00:02:30:00 - Music bed - Music swells at 2:30 and covers dialogue. Either reduce
	music level by 2dB or shorten the swell by 0.5 seconds.
[LOW PRIORITY]
00:01:00:00 - Transition - The dissolve to the product shot is 0.5 seconds.
	I prefer 0.3 sec (snappier), but current pacing is acceptable.
---
DEADLINE: Tuesday 10am for v3 review
NOTES: Great work on the cut. Dialogue timing is perfect. Just minor audio/color tweaks needed.

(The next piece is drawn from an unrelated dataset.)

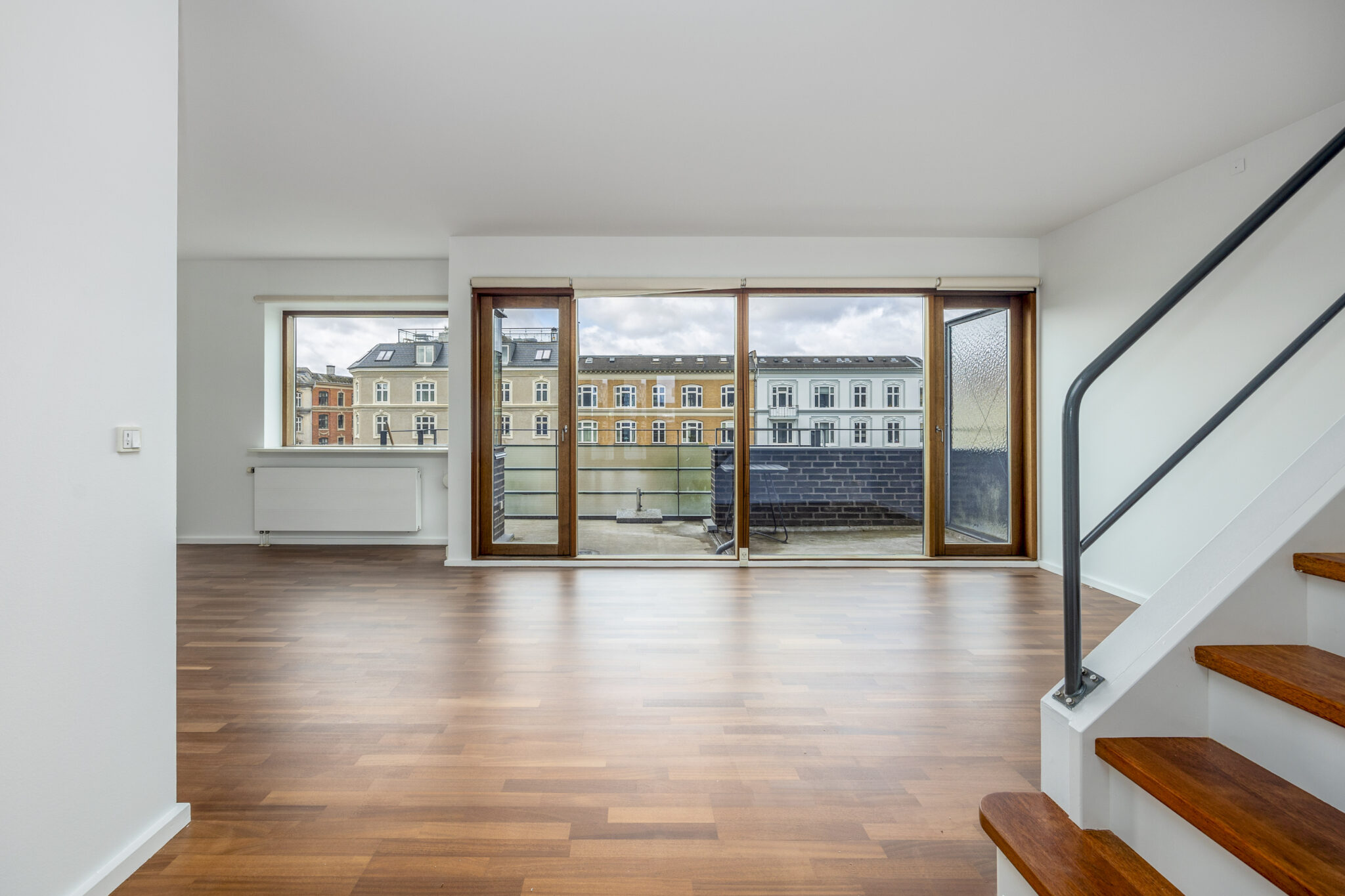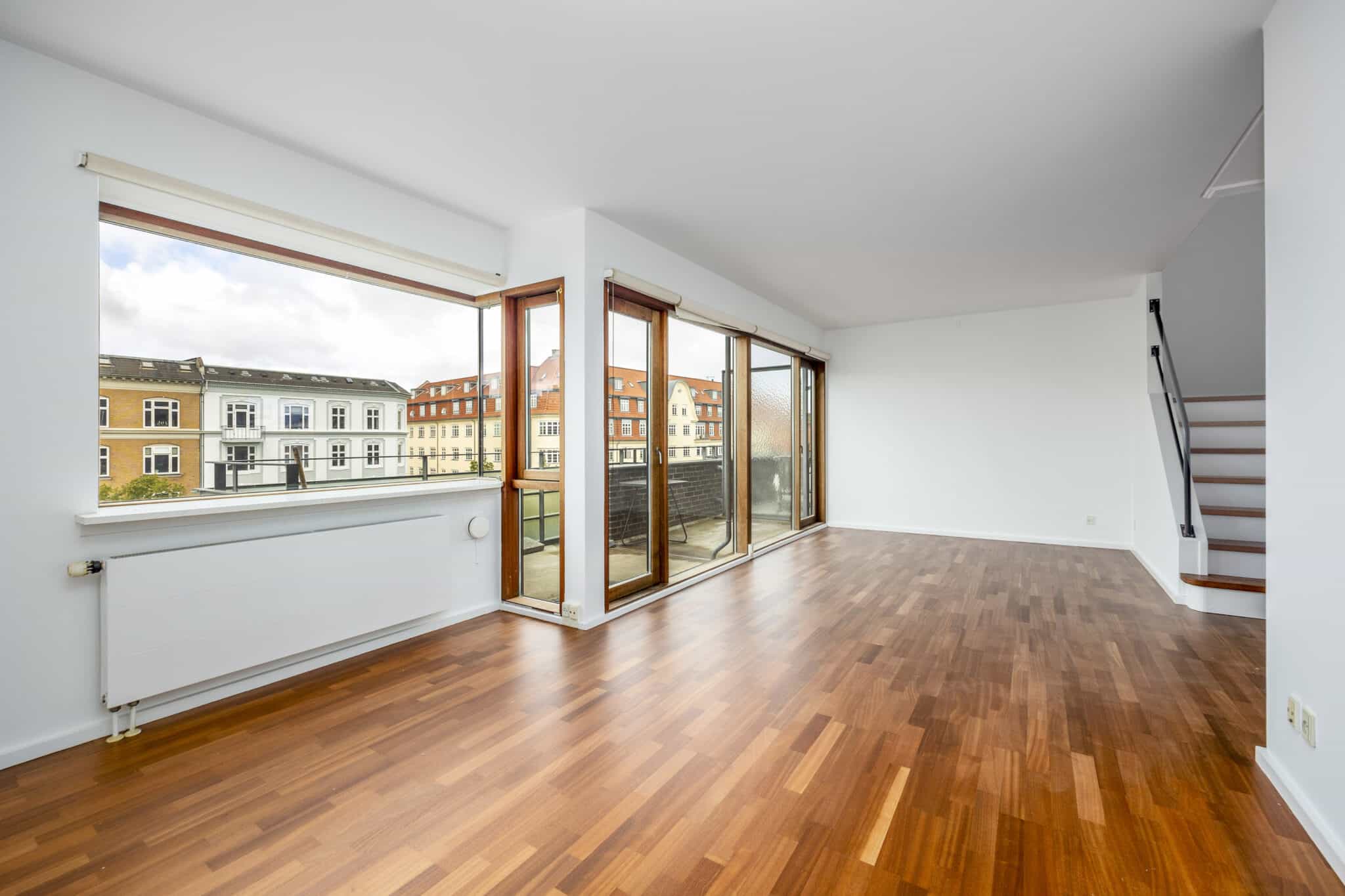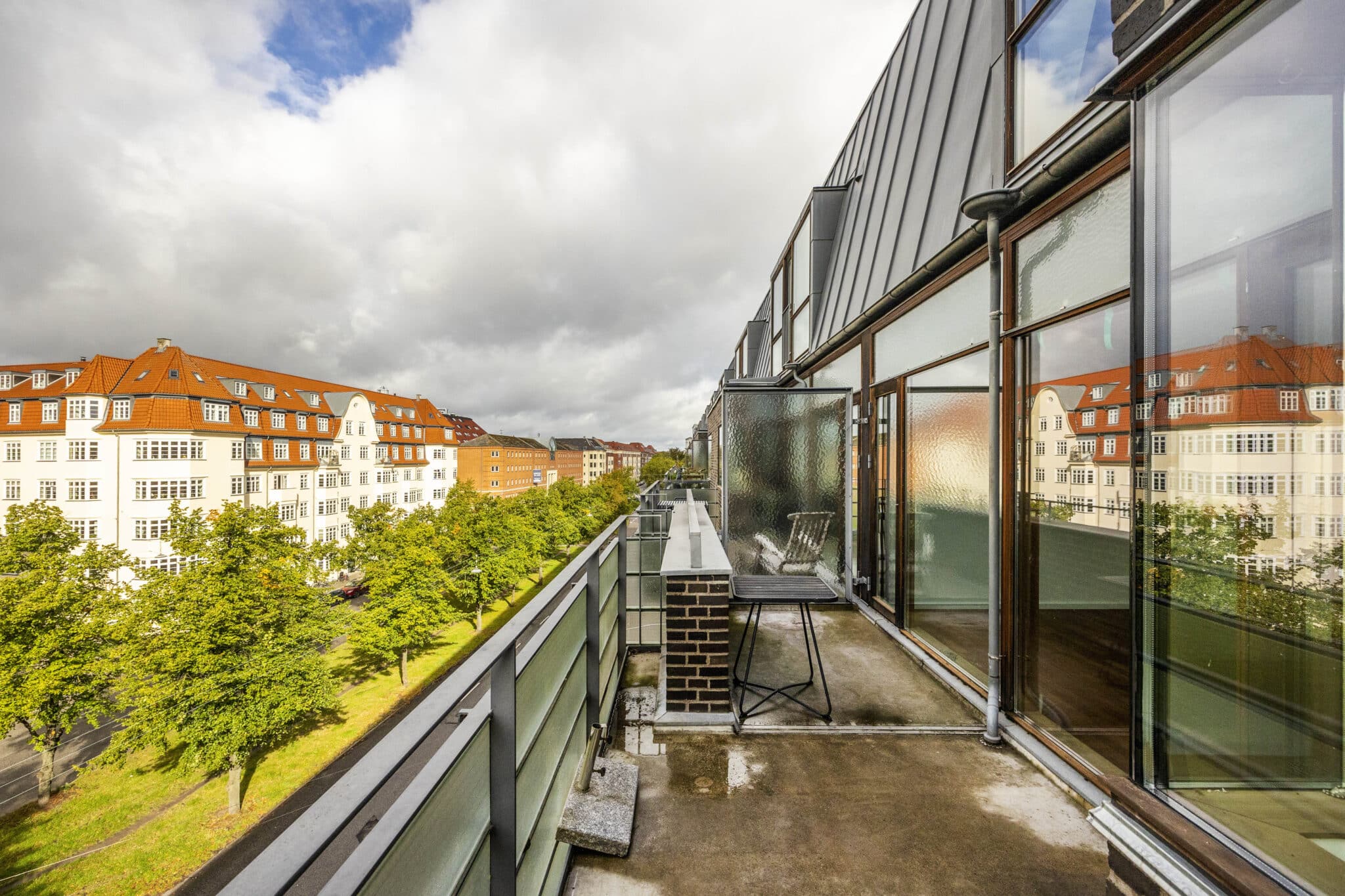 Med trappen videre op, øverst i lejligheden, har I en skøn mindre stue hvor I har direkte adgang til den skønneste store tagterrasse hvor den betagende udsigt over København med 360 grader kan nydes.

This feedback is actionable. The editor knows exactly what to fix, in what order, and by when.

FAQ

Q: How detailed should my feedback be? A: Match the project scope. A 10-second social media clip: simple notes. A 60-minute documentary: detailed feedback. General rule: if you wouldn’t be able to execute your own feedback in less than 30 minutes per item, it’s not specific enough.

Q: What if the editor pushes back on my feedback? A: Ask why. Maybe they have a technical constraint you’re unaware of. Maybe the change is harder than it looks. Discussion ≠ disagreement. Collaborate on solutions instead of being stubborn.

Q: Should I give feedback in real-time or after watching the whole video? A: Whole video first. Early impressions are often wrong. Once you see the full context and how scenes connect, you might realize the issue was elsewhere.

Q: How much feedback is too much? A: If you have 50+ items for a 60-second video, you’re being pedantic. Prioritize. Focus on high-impact changes. Minor tweaks can often be skipped.

Q: What if I’m not sure what to fix? A: Say so. “Something feels off in this section, but I can’t pinpoint it. Can we discuss?” is honest and invites collaboration instead of sending vague notes.